Core Insight: Continuous perturbations construct an $\epsilon$-ball centered on the original benign input, whereas true discrete adversarial examples may lie outside this ball. Shifting the center of continuous perturbations to discrete adversarial examples enables coverage of a broader adversarial embedding region (as illustrated in Fig. 1(a)), while maintaining computational efficiency.

Method¶

Overall Architecture¶

MixAT defines the adversarial perturbation space as a composition of discrete rewriting and continuous perturbation:

\[\mathcal{N}_{\text{MixAT}}(\mathbf{x}) = \underbrace{\mathcal{R}(\mathbf{x})}_{\text{Discrete Rewriting}} + \underbrace{\mathcal{B}^2(0, \epsilon)}_{\text{Continuous } \epsilon\text{-ball}}\]

Specifically, a harmful prompt is first subjected to discrete rewriting (e.g., paraphrases generated via PAP strategies), and continuous perturbations are then applied on top of the rewritten embeddings.
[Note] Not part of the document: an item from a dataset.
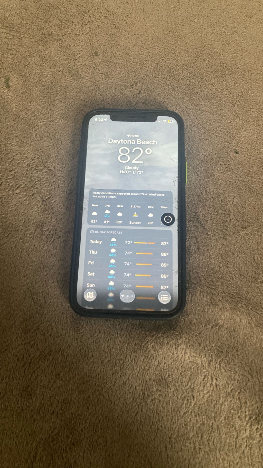 Cracked on the back but screen is flawless. Comes with 3 Screen Protectors and a case.

This expands the adversarial region covered during training from "the neighborhood of the benign input" to "the neighborhood of adversarial examples."

Key Designs¶

Discrete Seed Generation (PAP-AT): A variant of PAP (Persuasion-based Adversarial Prompts) adversarial training is used to generate discrete adversarial seeds. PAP rewrites harmful requests using 40 predefined persuasion strategies, offering low generation cost (API calls only), high diversity, and strong attack effectiveness. New PAP samples are generated dynamically each training round rather than precomputed statically, as ablations show dynamic generation is critical — the static variant raises ALO-ASR from 12.5% to 25%.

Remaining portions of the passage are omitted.